At this time, you may be thinking: why should I make my client instead of relying on Alamofire? You’re right. A new implementation is inevitably immature and a source of issues for a certain amount of time. Despite all, you have the opportunity to create a fine-tuned integration with your software and avoid third-party dependencies. Moreover, you can take advantage of the new Apple technologies like URLSession, Codable, Async/Await & Actors.
You can find the code on GitHub; the project is called RealHTTP.

The Client

Let’s start by defining a type for representing a client. A client (formerly HTTPClient) is a structure that comes with cookies, headers, security options, validator rules, timeout, and all other shared settings you may have in common between a group of requests. When you run a request in a client, all these properties are automatically from the client unless you customize it in a single request.

For example, when you execute an auth call and receive a JWT token, you may want to set the credentials at the client level, so any other request incorporate these data. The same happens with validators: to avoid duplicating the logic for data validation, you may want to create a new validator and let the client execute it for every request it fetches. A client is also an excellent candidate to implement retry mechanisms not available on basic URLSession implementation.

The Request

As you may imagine, a request (formerly HTTPRequest) encapsulate a single call to an endpoint.

If you have read some other articles on this topic, you may find often a common choice is to use Swift’s Generic to handle the output of a request.
Something like: struct HTTPRequest<Response>.

It allows you to strongly link the output object type to the request itself. While it’s a clever use of this fantastic construct, I found it makes the request a bit restrictive. From a practical perspective, you may need to use type erasure to handle this object outside its context. Also, conceptually, I prefer to keep the request stages (fetch ~> get raw data ~> object decode) separated and easily identifiable.

For these reasons, I chose to avoid generics and return a raw response (HTTPResponse) from a request; the object will therefore include all the functions to allow easy decode (we’ll take a look at it below).

Configure a Request

As we said, a request must allow us to easily set all the relevant attributes for a call, especially “HTTP Method” “Path,” “Query Variables,” and “Body.” What do Swift developers love more than anything else?

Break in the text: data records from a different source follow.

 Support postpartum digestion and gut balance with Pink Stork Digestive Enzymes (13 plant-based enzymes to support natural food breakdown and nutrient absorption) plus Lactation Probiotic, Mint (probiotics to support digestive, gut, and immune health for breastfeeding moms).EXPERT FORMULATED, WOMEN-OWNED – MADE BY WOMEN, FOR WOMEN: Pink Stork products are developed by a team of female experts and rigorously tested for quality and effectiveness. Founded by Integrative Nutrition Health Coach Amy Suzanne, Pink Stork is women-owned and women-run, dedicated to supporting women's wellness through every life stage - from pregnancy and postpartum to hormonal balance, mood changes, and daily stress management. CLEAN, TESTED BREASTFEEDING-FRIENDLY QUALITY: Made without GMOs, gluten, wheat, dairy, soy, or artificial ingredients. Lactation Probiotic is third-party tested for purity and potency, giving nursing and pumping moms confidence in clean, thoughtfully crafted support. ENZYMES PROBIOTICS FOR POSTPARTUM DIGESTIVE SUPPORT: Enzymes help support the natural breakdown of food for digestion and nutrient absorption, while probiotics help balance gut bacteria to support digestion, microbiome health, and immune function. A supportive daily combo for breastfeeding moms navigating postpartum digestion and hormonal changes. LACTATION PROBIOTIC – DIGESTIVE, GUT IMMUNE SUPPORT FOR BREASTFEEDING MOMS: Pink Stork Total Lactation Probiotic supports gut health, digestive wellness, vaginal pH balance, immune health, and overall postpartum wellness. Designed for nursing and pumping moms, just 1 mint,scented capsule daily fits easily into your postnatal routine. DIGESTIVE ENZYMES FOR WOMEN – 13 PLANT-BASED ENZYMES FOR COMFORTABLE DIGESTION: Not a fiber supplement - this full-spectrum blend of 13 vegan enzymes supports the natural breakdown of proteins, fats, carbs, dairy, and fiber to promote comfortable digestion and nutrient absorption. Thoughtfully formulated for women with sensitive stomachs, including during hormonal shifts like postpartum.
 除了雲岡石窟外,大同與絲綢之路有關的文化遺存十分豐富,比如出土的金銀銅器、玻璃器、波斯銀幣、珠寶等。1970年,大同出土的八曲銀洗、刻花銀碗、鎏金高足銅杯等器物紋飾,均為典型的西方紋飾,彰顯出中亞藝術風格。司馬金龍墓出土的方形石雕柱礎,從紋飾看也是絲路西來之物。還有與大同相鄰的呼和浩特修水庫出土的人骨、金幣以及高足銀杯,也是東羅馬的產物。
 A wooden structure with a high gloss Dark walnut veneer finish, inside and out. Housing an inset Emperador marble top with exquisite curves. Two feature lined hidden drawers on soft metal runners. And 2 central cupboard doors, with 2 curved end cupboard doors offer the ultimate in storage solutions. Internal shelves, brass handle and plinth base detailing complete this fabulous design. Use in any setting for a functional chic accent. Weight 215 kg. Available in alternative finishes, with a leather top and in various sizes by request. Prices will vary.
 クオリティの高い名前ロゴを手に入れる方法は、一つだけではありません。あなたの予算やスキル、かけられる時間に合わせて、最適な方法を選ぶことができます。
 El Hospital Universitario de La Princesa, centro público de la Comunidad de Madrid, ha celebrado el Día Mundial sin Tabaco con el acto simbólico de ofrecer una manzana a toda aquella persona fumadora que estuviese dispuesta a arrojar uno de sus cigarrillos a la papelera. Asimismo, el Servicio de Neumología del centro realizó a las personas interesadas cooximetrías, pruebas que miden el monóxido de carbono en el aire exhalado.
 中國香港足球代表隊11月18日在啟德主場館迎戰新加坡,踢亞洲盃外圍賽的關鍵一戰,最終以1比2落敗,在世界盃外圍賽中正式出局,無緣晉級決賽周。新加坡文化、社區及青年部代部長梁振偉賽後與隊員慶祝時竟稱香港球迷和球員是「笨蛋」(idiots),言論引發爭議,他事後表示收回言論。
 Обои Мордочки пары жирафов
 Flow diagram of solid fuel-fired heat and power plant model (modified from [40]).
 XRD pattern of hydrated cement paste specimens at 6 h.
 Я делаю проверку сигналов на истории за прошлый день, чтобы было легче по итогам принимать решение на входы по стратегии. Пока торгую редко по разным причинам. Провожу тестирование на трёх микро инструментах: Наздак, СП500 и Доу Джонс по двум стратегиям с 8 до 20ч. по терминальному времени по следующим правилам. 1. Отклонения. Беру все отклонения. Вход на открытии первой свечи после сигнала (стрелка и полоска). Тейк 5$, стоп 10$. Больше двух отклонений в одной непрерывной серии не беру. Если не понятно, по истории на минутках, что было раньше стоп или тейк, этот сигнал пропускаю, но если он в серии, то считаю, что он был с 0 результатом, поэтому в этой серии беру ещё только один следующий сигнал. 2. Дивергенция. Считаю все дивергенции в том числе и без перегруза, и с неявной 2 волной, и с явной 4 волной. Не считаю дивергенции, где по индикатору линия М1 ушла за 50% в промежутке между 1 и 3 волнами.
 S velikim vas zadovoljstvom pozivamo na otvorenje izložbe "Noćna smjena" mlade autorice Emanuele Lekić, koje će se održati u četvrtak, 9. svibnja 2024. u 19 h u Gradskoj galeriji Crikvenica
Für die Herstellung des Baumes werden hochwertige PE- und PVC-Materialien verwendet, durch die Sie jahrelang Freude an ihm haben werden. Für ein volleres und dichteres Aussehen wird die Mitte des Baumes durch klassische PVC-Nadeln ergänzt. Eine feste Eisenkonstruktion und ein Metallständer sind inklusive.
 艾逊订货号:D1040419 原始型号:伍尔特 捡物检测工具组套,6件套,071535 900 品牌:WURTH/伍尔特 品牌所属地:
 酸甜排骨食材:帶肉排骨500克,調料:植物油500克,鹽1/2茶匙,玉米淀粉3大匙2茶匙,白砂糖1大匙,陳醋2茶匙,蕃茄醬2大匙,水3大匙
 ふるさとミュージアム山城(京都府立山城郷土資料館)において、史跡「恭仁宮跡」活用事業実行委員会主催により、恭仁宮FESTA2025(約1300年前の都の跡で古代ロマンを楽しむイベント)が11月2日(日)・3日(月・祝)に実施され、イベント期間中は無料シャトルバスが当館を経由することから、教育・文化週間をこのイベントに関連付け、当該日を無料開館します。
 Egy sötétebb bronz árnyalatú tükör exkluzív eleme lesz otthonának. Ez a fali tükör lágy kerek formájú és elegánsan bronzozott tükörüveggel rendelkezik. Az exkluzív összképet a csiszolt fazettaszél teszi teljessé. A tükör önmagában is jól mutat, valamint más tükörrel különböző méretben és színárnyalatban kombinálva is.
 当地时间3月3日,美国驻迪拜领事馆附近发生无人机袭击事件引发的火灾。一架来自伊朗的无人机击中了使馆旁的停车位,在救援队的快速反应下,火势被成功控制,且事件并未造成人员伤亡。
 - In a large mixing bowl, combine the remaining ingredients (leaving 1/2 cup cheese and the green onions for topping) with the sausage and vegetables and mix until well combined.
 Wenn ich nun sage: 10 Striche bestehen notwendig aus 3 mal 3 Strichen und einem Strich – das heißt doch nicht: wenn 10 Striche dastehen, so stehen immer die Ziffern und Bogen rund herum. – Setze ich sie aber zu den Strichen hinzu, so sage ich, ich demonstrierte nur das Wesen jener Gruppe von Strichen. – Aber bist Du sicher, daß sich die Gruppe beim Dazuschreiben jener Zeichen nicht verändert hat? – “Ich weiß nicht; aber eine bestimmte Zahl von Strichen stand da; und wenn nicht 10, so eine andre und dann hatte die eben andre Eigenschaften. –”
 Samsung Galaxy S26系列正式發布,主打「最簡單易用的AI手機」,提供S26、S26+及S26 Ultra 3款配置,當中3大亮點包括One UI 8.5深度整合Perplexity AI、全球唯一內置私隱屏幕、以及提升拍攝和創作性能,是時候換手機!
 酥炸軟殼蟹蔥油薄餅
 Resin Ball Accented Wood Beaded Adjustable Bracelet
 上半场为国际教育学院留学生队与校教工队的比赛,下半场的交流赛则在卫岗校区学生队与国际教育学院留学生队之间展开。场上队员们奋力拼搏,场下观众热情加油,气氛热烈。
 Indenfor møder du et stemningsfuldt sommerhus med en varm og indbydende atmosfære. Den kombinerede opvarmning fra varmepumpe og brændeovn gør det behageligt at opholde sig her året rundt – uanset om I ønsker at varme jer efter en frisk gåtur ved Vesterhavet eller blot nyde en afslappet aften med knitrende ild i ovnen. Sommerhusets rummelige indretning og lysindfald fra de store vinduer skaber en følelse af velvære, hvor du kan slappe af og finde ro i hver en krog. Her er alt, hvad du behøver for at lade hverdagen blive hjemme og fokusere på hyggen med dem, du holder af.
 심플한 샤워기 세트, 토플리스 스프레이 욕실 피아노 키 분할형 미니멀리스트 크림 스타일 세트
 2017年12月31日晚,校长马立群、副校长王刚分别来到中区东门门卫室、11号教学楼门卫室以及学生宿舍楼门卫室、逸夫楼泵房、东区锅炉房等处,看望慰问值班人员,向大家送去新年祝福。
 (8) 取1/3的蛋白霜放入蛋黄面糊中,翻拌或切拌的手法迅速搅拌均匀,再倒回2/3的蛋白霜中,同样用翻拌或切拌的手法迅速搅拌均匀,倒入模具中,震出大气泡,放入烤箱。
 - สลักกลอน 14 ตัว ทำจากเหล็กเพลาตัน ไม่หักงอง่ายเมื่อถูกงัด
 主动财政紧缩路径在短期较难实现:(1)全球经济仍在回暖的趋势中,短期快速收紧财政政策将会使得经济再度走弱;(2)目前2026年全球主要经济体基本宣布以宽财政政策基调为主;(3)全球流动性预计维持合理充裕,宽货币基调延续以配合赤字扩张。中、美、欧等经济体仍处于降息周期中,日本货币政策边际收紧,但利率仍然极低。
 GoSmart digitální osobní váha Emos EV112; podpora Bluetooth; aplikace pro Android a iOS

Type-safety.

I’ve accomplished it in two ways: using configuration objects instead of literal and protocols to provide an extensible configuration along with a set of pre-made builder functions.

This is an example of request configuration:

let req = HTTPRequest {
    $0.url = URL(string: "https://.../login")!
    $0.method = .post
    $0.timeout = 15
    $0.redirectMode = redirect
    $0.maxRetries = 4
    $0.headers = HTTPHeaders([
        .init(name: .userAgent, value: myAgent),
        .init(name: "X-API-Experimental", value: "true")
    // Setup URL query params & body
    $0.addQueryParameter(name: "full", value: "1")
    $0.addQueryParameter(name: "autosignout", value: "30")
    $0.body = .json(["username": username, "pwd": pwd])

A typical example of type safety in action is the HTTP Method which became an enum; but also the headers which are managed using a custom HTTPHeader object, so you can write something like the following:

req.headers[.contentType] = .bmp
req.headers = .init([
  .contentType: .bmp
  "X-Custom-Header": "abc"

It supports both type-safe keys declaration and custom literal.

The best example of the usage of protocols is the body setup of the request. While it’s ultimately a binary stream, I decided to create a struct to hold the data content and add a set of utility methods to make the most common body structures (HTTPBody): multi-part form, JSON encoded objects, input stream, URL encoded body, etc.

The result is an:

Here’s an example of a multipart form:

req.body = .multipart(boundary: nil, {
  $0.add(string: "value", name: "param_1")
  $0.add(fileURL: fileURL, name: "image", mimeType: .gif)
  $0.add(string: "some other", name: "param_2")

Making a body with a JSON encoded object is also one line of code away:

let myObject = ...
req.body = .json(myObject)

When a request is passed to a client, the associated URLSessionTask is created automatically (in another thread) and the standard URLSession flow is therefore executed. The underlying logic still uses the URLSessionDelegate(and the other delegates of the family); you can find more in the HTTPDataLoader class.

Execute a Request

HTTPClient takes full advantage of async/await, returning the raw response from the server. Running a request is easy: just call its fetch() function. It takes an optional client argument; if not set, the default singleton HTTPClient instance is used (it means cookies, headers, and other configuration settings are related to this shared instance).

Therefore, the request is added to the destination client and, accordingly with the configuration, will be executed asynchronously. Both serialization and deserialization of the data stream are made in another Task (for the sake of simplicity, another thread). This allows us to reduce the amount of work done on the HTTPClient.

let result: HTTPResponse = try await req.fetch()

The Response

The request’s response is of type HTTPResponse; this object encapsulates all the stuff about the operation, including the raw data, the status code, optional error (received from the server or generated by a response validator), and the metrics data valid for integration debugging purposes.

The next step is to transform the raw response into a valid object (with/without a DAO). The decode() function allows you to pass the expected output object class. Usually, it’s an Codable object, but it’s also essential to enable custom object decoding, so you can also use any object that conforms to the HTTPDecodableResponse protocol. This protocol just defines a static function: static func decode(_ response: HTTPResponse) throws -> Self?.

Implementing the custom decode() function, you can do whatever you want to get the expected output. For example, I’m a firm fan of SwiftyJSON. It initially may seem a little more verbose than ‘Codable,’ but it also offers more flexibility over the edge cases, better failure handling, and a less opaque transformation process.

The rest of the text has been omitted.